Zimbabwe’s property market is ripe for mixed-use REITs as diaspora cash and killer industrial yields offer a sweet spot for investors.
African real estate trusts lag global peers
African real estate trusts lag global peers
- FBCS points out that the African REIT market is tiny compared to the massive US$4 trillion global scene, which feels like a missed opportunity.
- South Africa is carrying the team with a US$8.5 billion market cap, while Nigeria and Kenya are trailing way behind in the distance.
- Zimbabwe is sitting at just US$261 million, but the report suggests this low number actually highlights a massive gap for potential investors.
- You are looking at serious returns in the industrial sector, where yields are hitting 12 to 13 percent near informal logistics hubs.
- Retail brings in 7.5 percent, and offices sit at 7 percent, so FBCS thinks a mixed-use structure is the smartest play to balance the risk.
- This approach combines those juicy industrial cash flows with residential exposure, which is safer since it caters to the diaspora market.

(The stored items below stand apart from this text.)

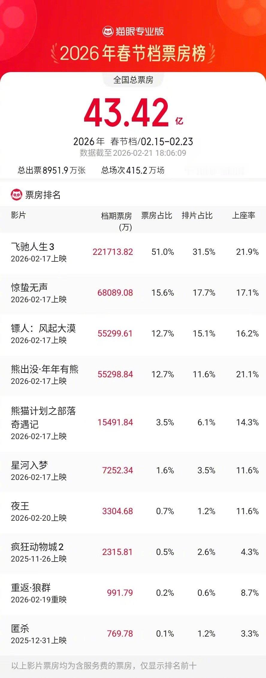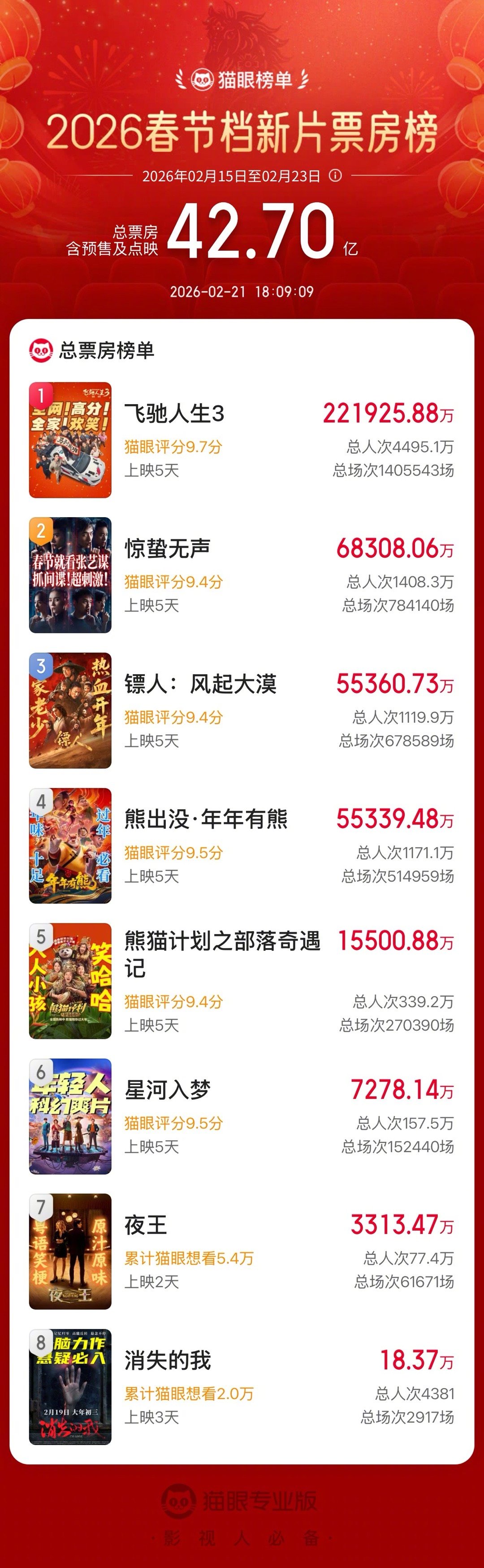 镖人春节档票房超熊出没 据猫眼专业版数据,截至2月21日18时06分,《镖人:风起大漠》春节档总票房破5.52亿,超《熊出没·年年有熊》春节档票房成绩,进入春节档票房榜前三。春节档马上有戏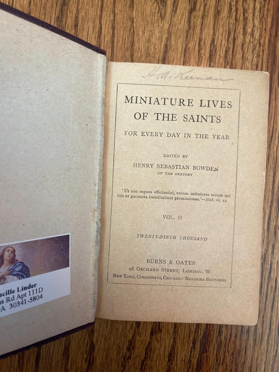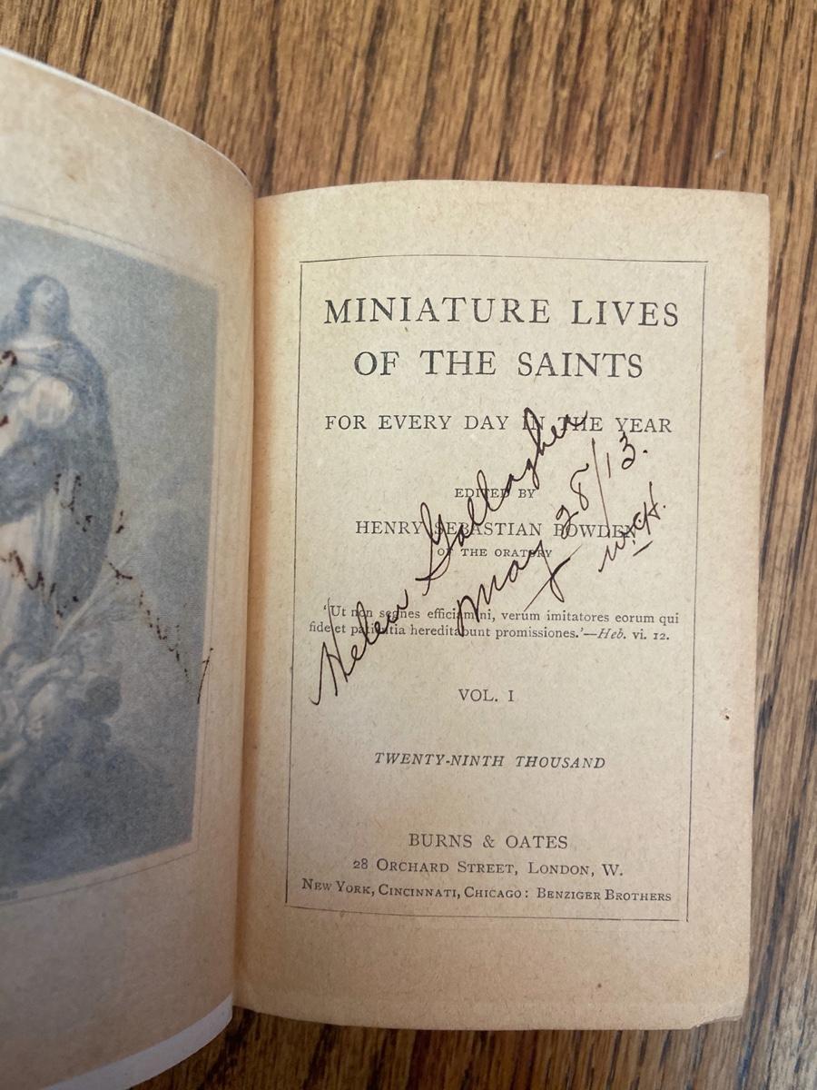 Miniature Lives Of The Saints for Every Day of the Year Edited by Henry Sebastian Bowden. Published by Burns And Oates. Volume one (1877) and Volume two (1892) brown hardcover,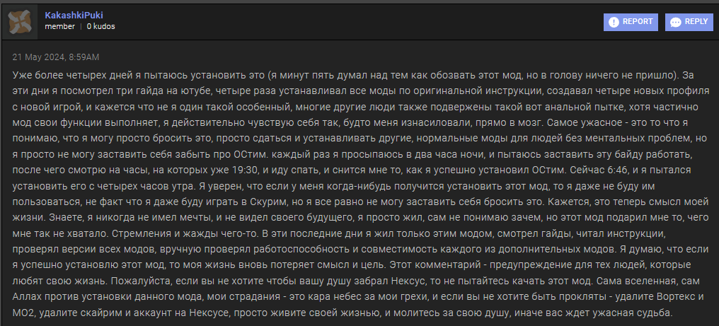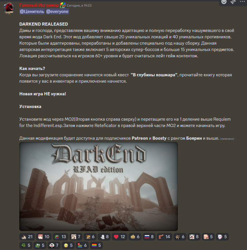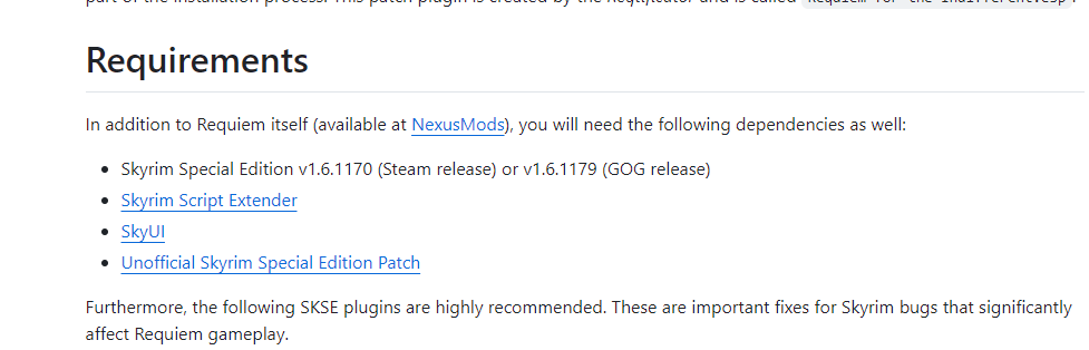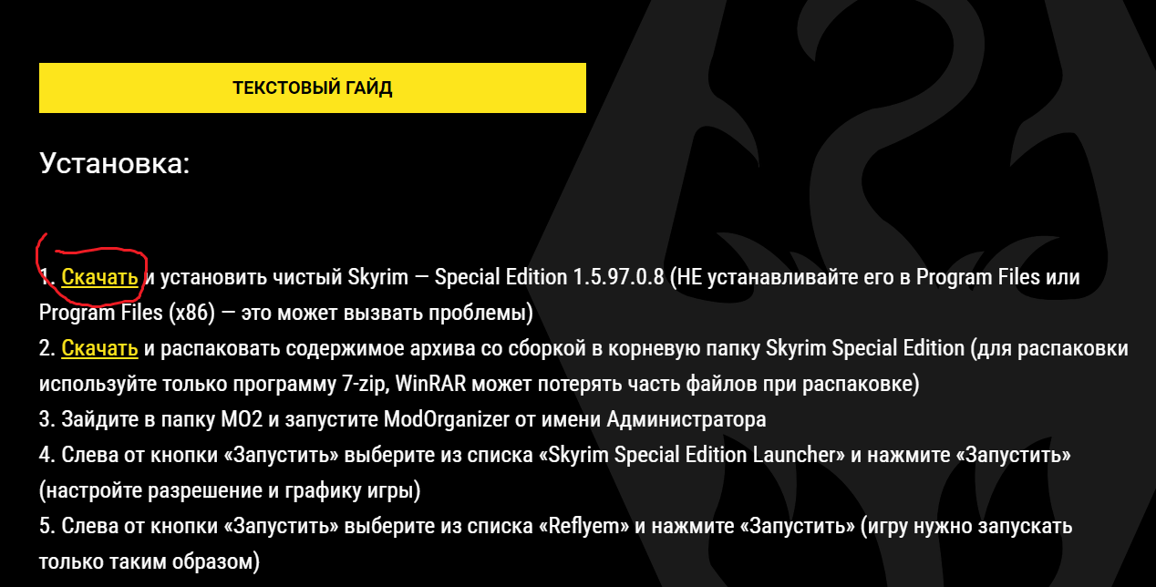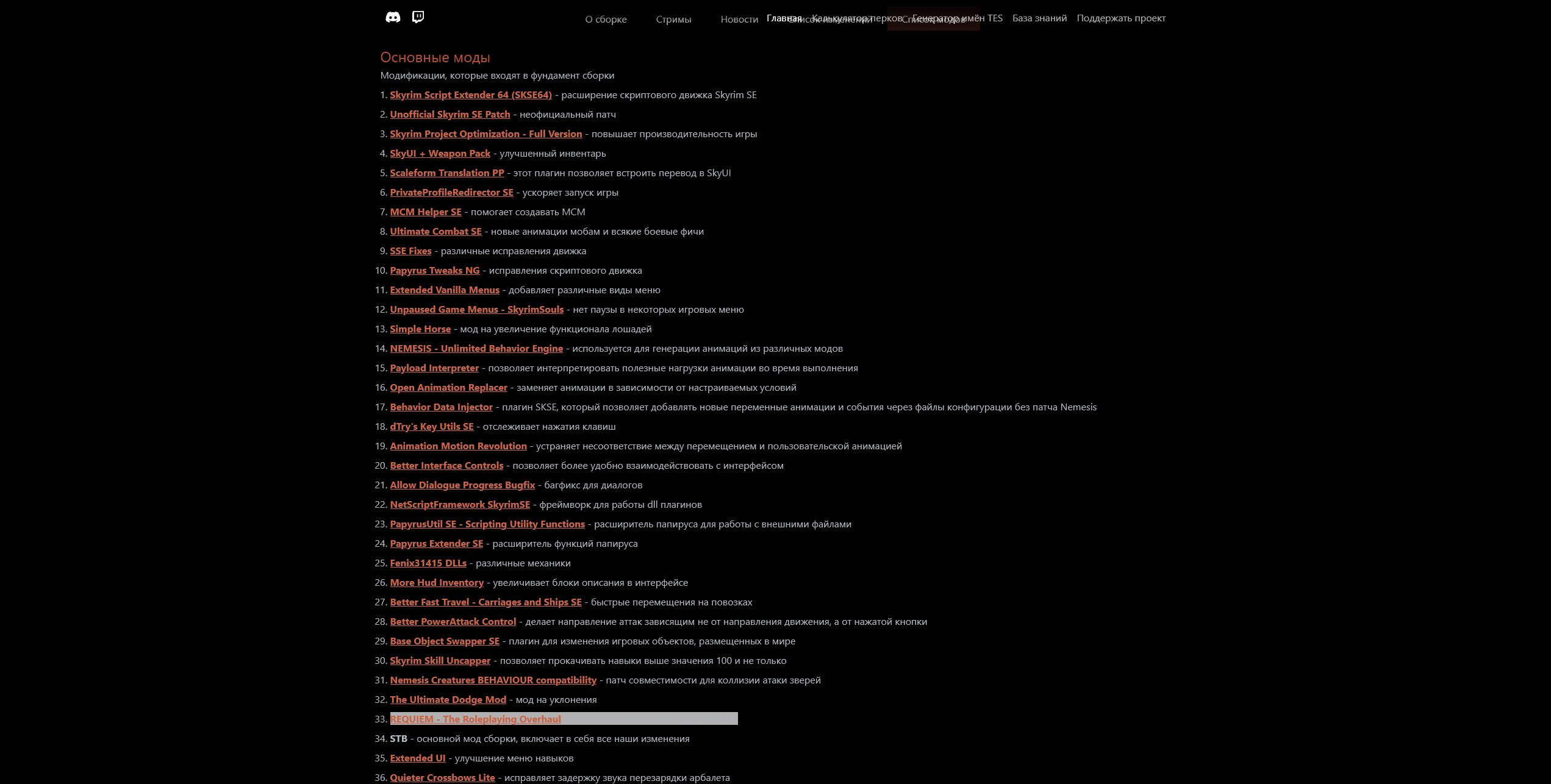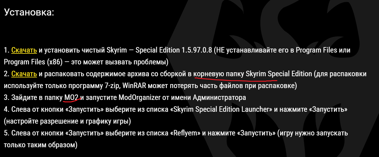https://disk.yandex.ru/d/9w0WT_qE8jnSlg - Васяносборка местного анона, представляющая собой Mod Organizer с модами и плагинами, и установочные файлы SKSE. Основа - Реквием 2.0.2, но продолжает развиваться параллельно 5.х.х Реквиему. Сборка полностью настраиваема. Требует чистую русскую Legendary версию Скайрима (можно не устанавливать HD-паки, есть производительный пресет без графономодов, можно ставить на английскую озвучку). Подробное описание сборки: https://disk.yandex.ru/i/y7gv_6XeoSU8fA (Обновлена 24.06.2022)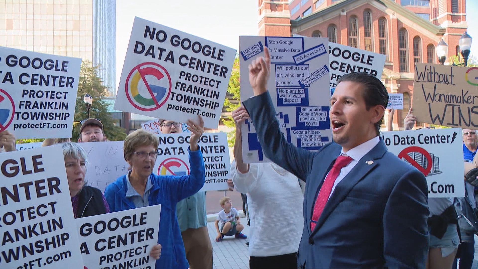 Protestors rally against Google’s proposed Franklin Township data center at a previous City-County Council meeting. Credit: WTHR
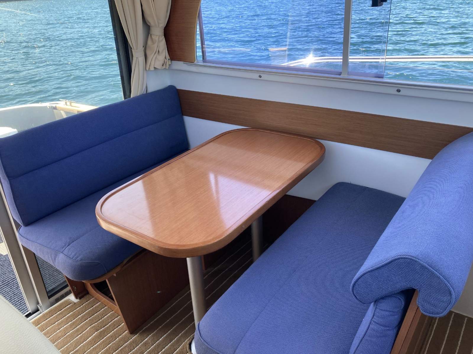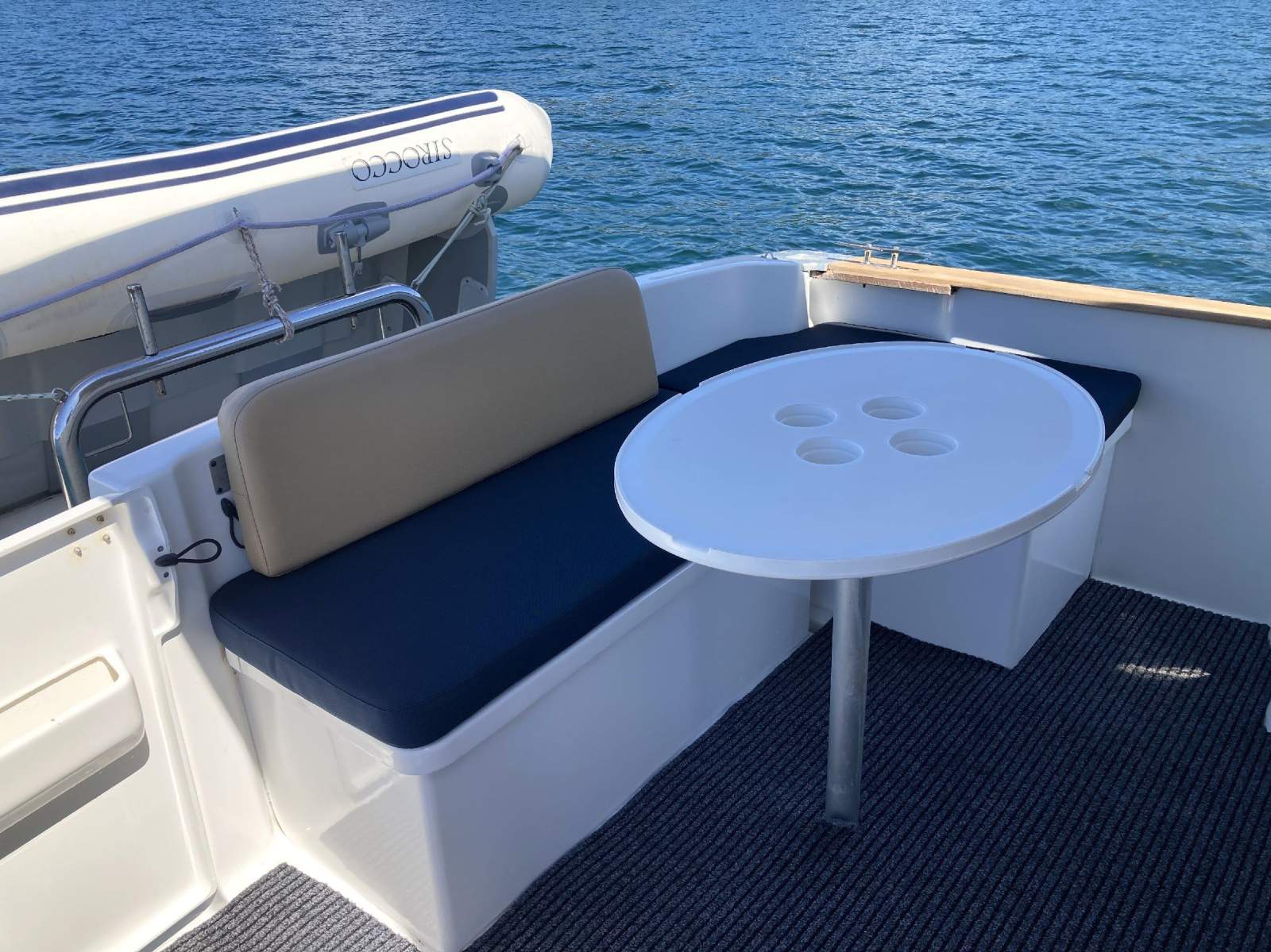 Walkaround decks - Cockpit lounge seating with removable table - Cockpit Teak covering boards - Teak laid swim platform - Swim ladder - Stainless steel transom rail - Stainless steel bait board - Transom door - Fenders & boat hook - Engine & boat spares

- Investors here are wary of economic uncertainty, so they prefer steady dividends over betting on capital appreciation like in other markets.
- Foreign currency receipts jumped 22 percent to hit US$16.2 billion, and that cash is basically keeping the property sector alive and kicking.
- Diasporans are responsible for about 40 percent of the property demand in Harare, which is a huge chunk of the market right now.
- The informal economy is also reshaping things, creating demand for assets that service the little guys rather than just big corporate tenants.
- Funds under management rose to US$92 million last year, thanks largely to growth from the Seatrite Five REIT and Eagle REIT.